## Data for this task

----------

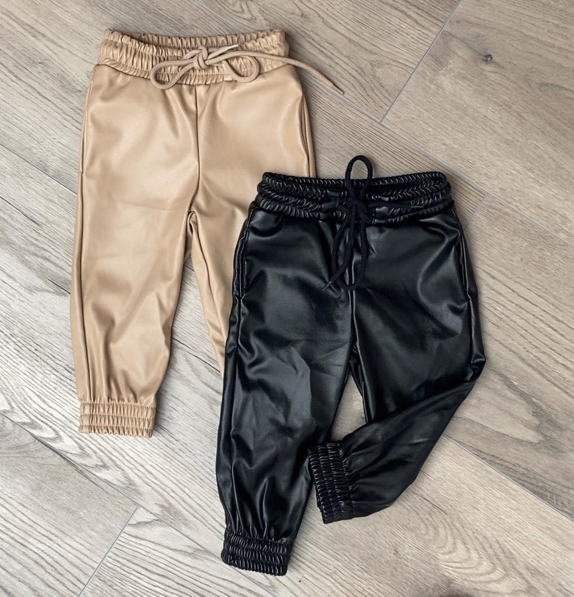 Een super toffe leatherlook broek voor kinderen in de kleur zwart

----------

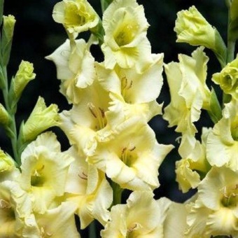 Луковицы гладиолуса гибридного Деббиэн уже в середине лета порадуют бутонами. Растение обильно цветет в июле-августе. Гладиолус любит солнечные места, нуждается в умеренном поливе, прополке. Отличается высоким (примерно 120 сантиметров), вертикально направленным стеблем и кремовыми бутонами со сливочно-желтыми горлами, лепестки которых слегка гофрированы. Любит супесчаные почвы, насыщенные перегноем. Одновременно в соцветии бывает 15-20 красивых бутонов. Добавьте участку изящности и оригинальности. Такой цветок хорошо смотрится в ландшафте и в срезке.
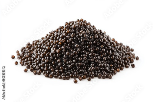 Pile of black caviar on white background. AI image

----------

## How to complete this task
Retype only the lines above from the one with "Луковицы гладиолуса гибридного" through the one with "Pile of black", exactly and with both ends. Images stay out.

## Answer for the task
 Луковицы гладиолуса гибридного Деббиэн уже в середине лета порадуют бутонами. Растение обильно цветет в июле-августе. Гладиолус любит солнечные места, нуждается в умеренном поливе, прополке. Отличается высоким (примерно 120 сантиметров), вертикально направленным стеблем и кремовыми бутонами со сливочно-желтыми горлами, лепестки которых слегка гофрированы. Любит супесчаные почвы, насыщенные перегноем. Одновременно в соцветии бывает 15-20 красивых бутонов. Добавьте участку изящности и оригинальности. Такой цветок хорошо смотрится в ландшафте и в срезке.
 Pile of black caviar on white background. AI image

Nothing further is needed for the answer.